Database Indexing for People Who Are Not DBAs

Most application developers encounter database performance only when a query that was fast in development becomes slow in production. The usual remedy is an index, yet indexes are often added by intuition rather than understanding, which produces both missing indexes that would have helped and superfluous ones that quietly impose cost. This article explains indexing for engineers who are not database administrators: what an index is, the queries it accelerates, the price it exacts on writes and storage, and a workable method for deciding which indexes to create. The thesis is that indexing is a deliberate trade between read speed and write cost, and that the trade is best made from evidence rather than instinct.

What an Index Actually Is

Without an index, answering a query that filters rows requires the database to scan the entire table, examining each row to see whether it matches. This is a sequential scan, and its cost grows with the size of the table. An index is a separate data structure that lets the database locate matching rows quickly without examining every one, much as the index of a book lets a reader find a topic without reading every page.

The PostgreSQL documentation frames the canonical case directly. Given a query that filters on a column, creating an index on that column allows the system to find the matching rows in a small number of steps rather than scanning the whole table. The improvement is most dramatic on large tables and on queries that select a small fraction of the rows.

When an Index Helps

An index repays its cost when queries repeatedly filter, join, or sort on the indexed columns. The clearest beneficiaries are equality and range conditions in a WHERE clause, the columns used to join tables, and the columns used to order results. If an application routinely retrieves records by a particular column, that column is a candidate for an index.

The benefit is conditional, however. An index helps when a query is selective, meaning it returns a small portion of the table. When a query matches most of the rows, scanning the whole table can be cheaper than consulting an index and then fetching the rows it points to, and the planner may sensibly ignore the index. An index on a column with very few distinct values, such as a boolean, therefore often provides little benefit.

For queries that filter on more than one column together, a multicolumn index covering those columns can outperform separate single-column indexes. The order of columns in such an index matters, because it is most useful for conditions that constrain the leading columns.

What an Index Costs

An index is not free, and treating it as such is the most common indexing mistake. Every index must be kept consistent with the table it serves. When a row is inserted, updated, or deleted, the database must update the affected indexes as well, which makes write operations slower in proportion to the number of indexes on the table. Indexes also consume storage, and a table burdened with many indexes can occupy substantially more space than its data alone.

The consequence is that indexes should be created to satisfy real query patterns, not added speculatively to every column. An index that no query uses imposes write and storage cost while delivering no read benefit, and such unused indexes accumulate easily over a project’s life.

A Method for Choosing Indexes

A disciplined approach begins with measurement rather than guessing. Identify the queries that are slow or frequent, then ask the database to explain how it executes them. PostgreSQL provides the EXPLAIN command, which reports the plan the system chose, including whether it performed a sequential scan or used an index. A sequential scan over a large table in a frequently run query is a strong signal that an index on the filtered columns is worth testing.

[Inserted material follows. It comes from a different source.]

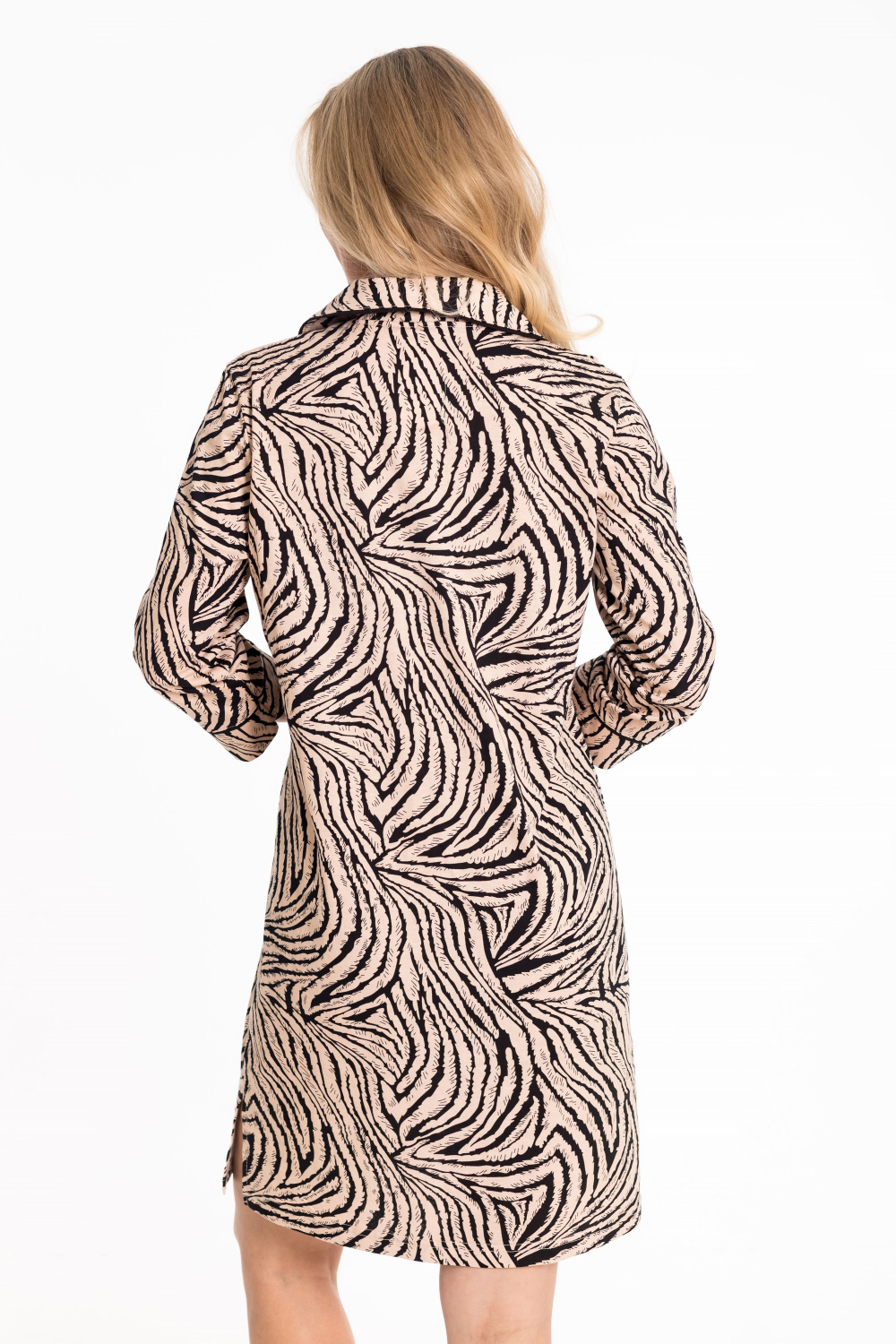 Халат выполнен из кулирки с набивным рисунком, 100% хлопок. Спереди халат застёгивается на пуговицы и дополнен аккуратным отложным воротником. Втачной рукав длиной 3/4 с манжетами. С левой стороны расположен нагрудный карман. Тёмный кант по краю воротника, бортам, манжетам и карману подчёркивает линии изделия и добавляет выразительности.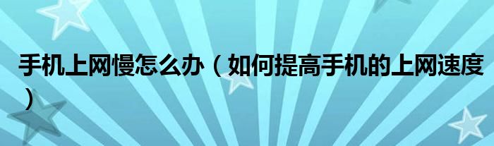 大家好,小帥來為大家解答以上問題。手機上網慢怎么辦,如何提高手機的上網速度很多人還不知道,現在讓我們一起來看看吧!

After adding a candidate index, re-examine the plan to confirm the planner now uses it and that the query is faster. Periodically, review existing indexes for ones that no query exercises and remove them to recover their write and storage cost. Indexing is iterative: measure, add, verify, and prune.

Conclusion

An index is a structure that trades additional storage and slower writes for faster reads, and it is justified when real, selective queries filter, join, or sort on its columns. It is wasted when added speculatively, applied to columns with few distinct values, or left in place after the query that needed it is gone. The reliable method is evidential rather than intuitive: find the slow queries, inspect their execution plans, add indexes where a scan is the bottleneck, verify the improvement, and remove indexes that earn nothing. Approached this way, indexing becomes a tractable engineering decision rather than a specialist’s mystery.